I remember asking a high-powered business friend once what he thought about when playing golf. He replied 'hitting the bloody ball!'
Find an activity that is nothing like the cool world you work in, it might be swimming, walking your dog, football, basket weaving or baking. It doesn't matter what it is as long as it consumes your mind and helps you forget your working day.
One word of caution - it's not sitting in front of TV all day either. I love crashing and watching some junk TV or a great movie but that's not something I would do as my alternate activity.
One of the biggest heath issues facing many of us working studios is our sedentary lifestyle. We sit too much! Get up out your chair and take a walk even if it's around the building. Start walking to work, the store or the meeting. Stand up when on Skype calls or other conference calls, walk around when on the phone. Get a dog and take it for walks.
Find some way of getting up, moving around and getting the blood flowing and the lungs working. If you think exercise can kill you then look at what no exercise can do.
Take Regular Breaks
You think you can't possibly stop for breaks, but you are making a big mistake when you think like that. As a creative you are being paid to stay fresh and keep your mind alert - ideas are the currency you deal in. Tiredness and stress will rob you of your creativity.
Working long hours won't kill you, but they will if you don't take breaks. Take regular breaks throughout the day, I reward myself when working to a tight deadline by saying to myself that once I've completed a part of a task then I will break for a coffee or take the dog for a walk.
It's not good churning out a lot of stuff if it's average, better to turn out less stuff that is of a high quality. That's what will get you the good gigs and those are the gigs that get you better money and in my experience the best people to work for.
Turn Off The Tech
I want to test some of you tech junkies this week. You know who you are, you have all your alerts switched on and respond to them 24/7. You wake up and look at your tech and go to sleep by kissing you iPhone good night. Try this:
- Turn off your desktop alerts. Really they are pointless and have no place in a professional studio when you should be concentrating on the work you are doing.
- Put you phone on silent. I've done this for years, I still have friends and clients but I'm not distracted by the incessant dings, bings, bongs (not that kind!) and buzzes. I don't even have my phone on vibrate.
- Instead of being 'always on' have set times to read and respond to emails.
- Think about emails and PMs before you reply. I once asked my wife who worked in a high powered role how long I should expect someone to reply to an email. She said up to a week. I was stunned as up until then I thought 10 minutes was a long time to wait. Yes there will be exceptions but in many cases too many of us (myself included) are too eager to answer emails fast and all we do is make a rod for our own backs.
- Turn off social media when working.

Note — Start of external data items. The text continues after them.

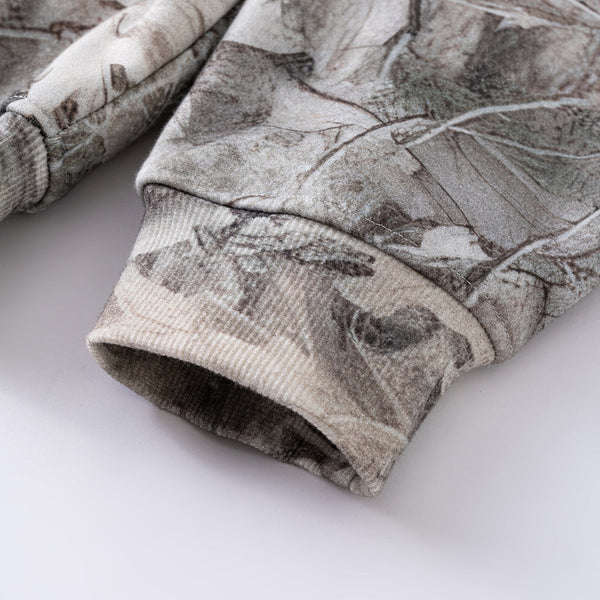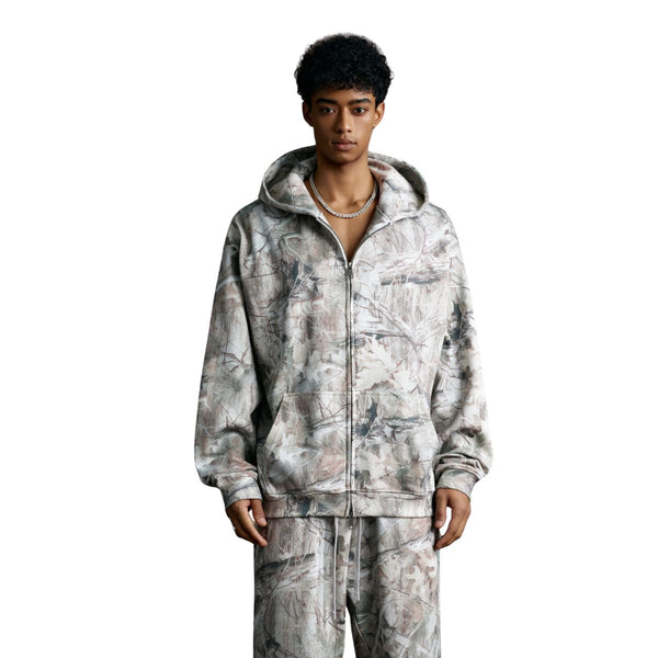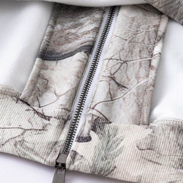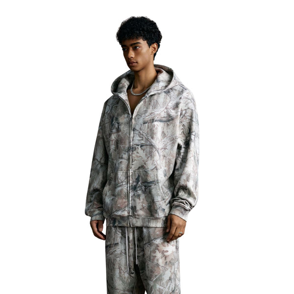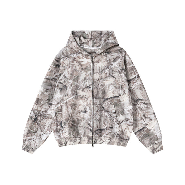 Double-Slider Zipper Branch Camouflage Fleece Hoodie
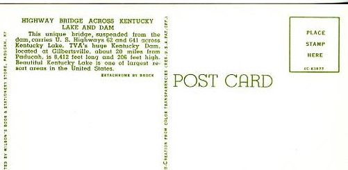 KY - Highway Bridge AcrossKentucky Lake & Dam M, Un, Db, C Grading of Postcards MINT (M): Perfect condition, no apparent blemishes, flaws, postally unused, may have some writing on back. NEAR MINT (NM): Like new, ... Read More
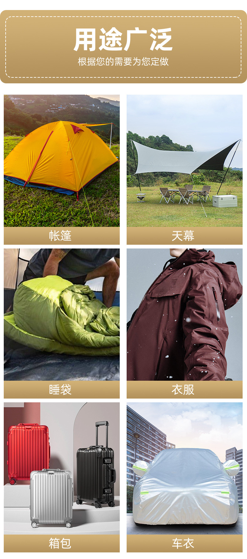 190T210Tポリエステルタフタポリエステル里布プリント防水TPUテント天幕全遮塗装銀屋外生地
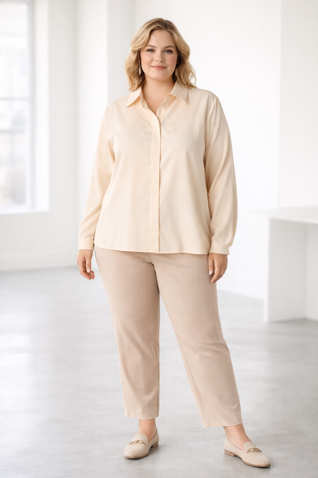 De Judit blouse is gemaakt van een zachte, licht glanzende stof die soepel valt en prettig aanvoelt op de huid. De blinde knoopsluiting zorgt voor een strakke, verzorgde uitstraling, terwijl de klassieke kraag een tijdloos detail toevoegt. De lange mouwen eindigen in smalle manchetten met een klein knoopje, wat subtiel elegantie toevoegt. De regular fit valt comfortabel en losjes, waardoor de blouse geschikt is voor zowel werk als vrije tijd. Verkrijgbaar in twee kleuren, waardoor hij makkelijk te combineren is en bij verschillende stijlen past.
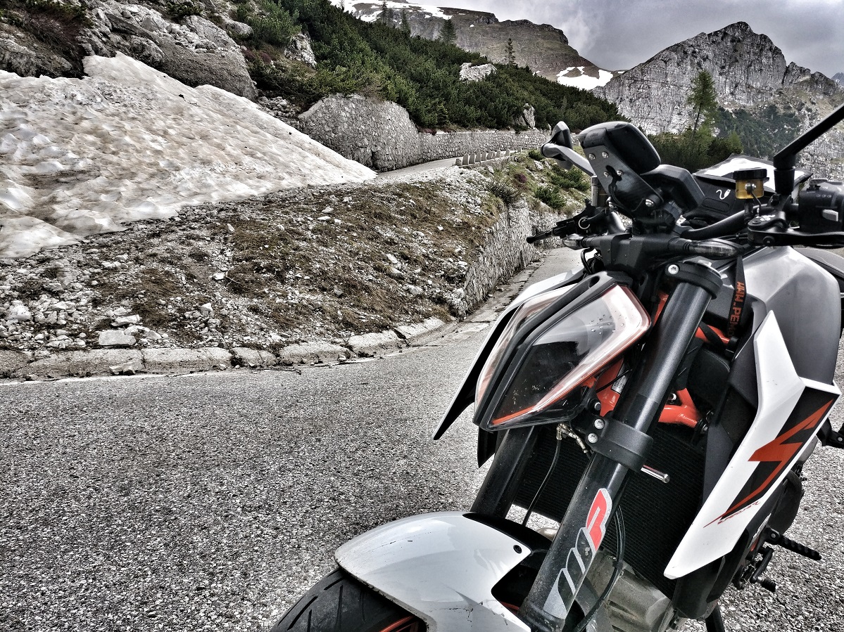 Da ich noch ein paar Kurven schwingen wollte, fuhr ich auf der österreichischen Seite wieder runter... so lange, bis da wieder dieser kleine rote Balken im Display zum Nachtanken ermahnte...
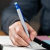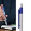 Bolígrafo de plástico con pulsador, diseño uniforme y resistente. Cuerpo, clip rectangular y botón elaborados en material de carcasa gris sólido. Incorpora recambio plástico tipo cruz para una escritura fluida y confiable. (Bolígrafo/Esfero)
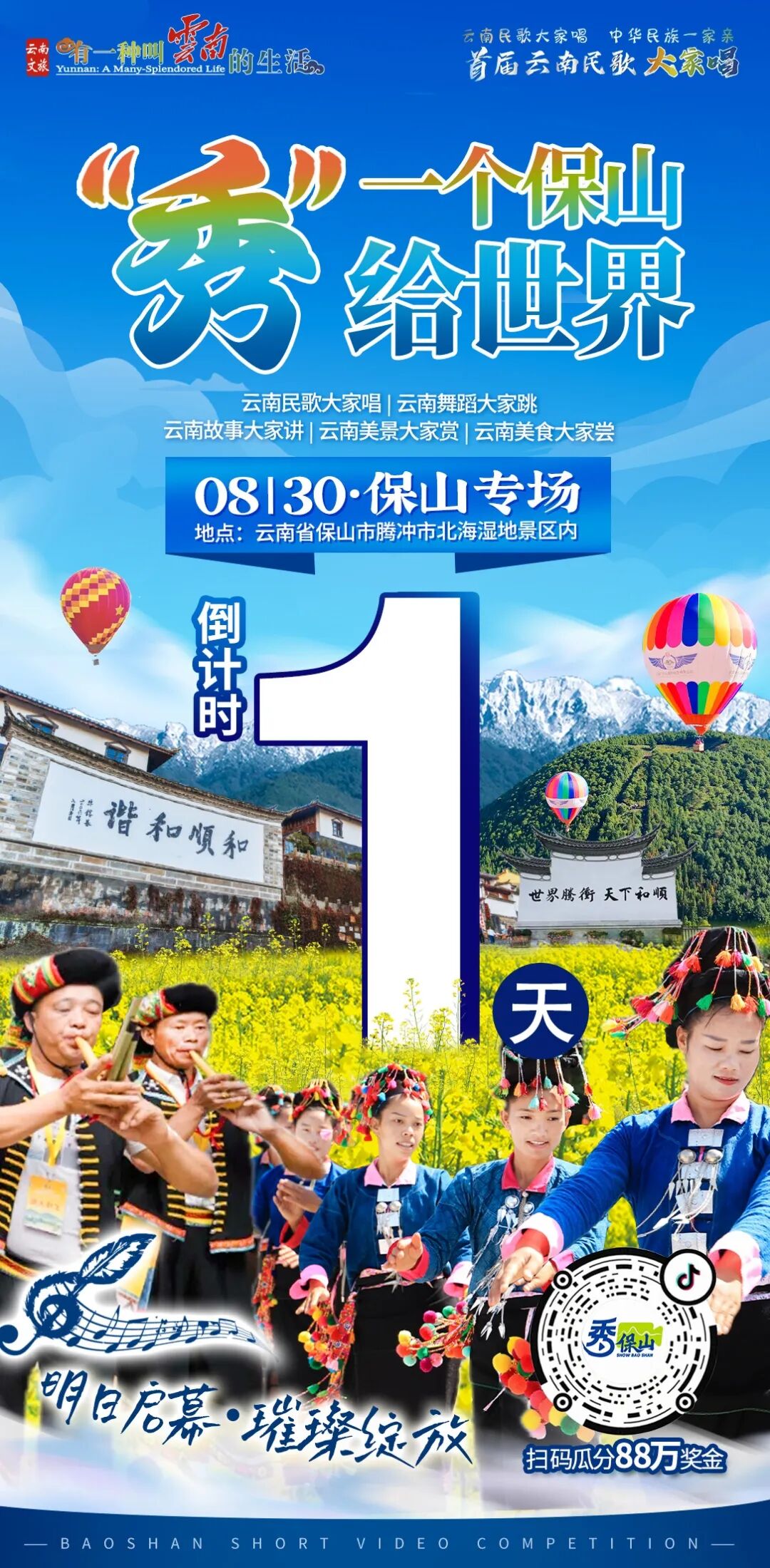 深入贯彻落实党的二十大精神和习近平文化思想,弘扬中华优秀传统文化,落实推进旅游促进各民族交往交流交融计划,根据云南省文化和旅游厅关于开展“有一种叫云南的生活”IP打造要求,8月30日将在腾冲举办“云南民歌大家唱、云南舞蹈大家跳、云南故事大家讲、云南美景大家赏、云南美食大家尝”保山专场活动。

I find myself too easily drawn into arguments about cats, politics or find myself having lost an hour watching 'an amazing you won't believe what happens next' video of a goat using Pro Tools.
- Visit forums less often, these days once I comment I rarely go back again to read any replies. Perhaps someone disagreed with me or called me a dick, so what! If forums have taught us anything it is that being right is overrated.
Nothing I have written here is rocket-science.
Nothing here is hard. It's about creating a lifestyle of order and balance in what can often be a frenetic world.
Please take some of this advice and prevent yourself from burning out.
Be kind to yourself, you are unique.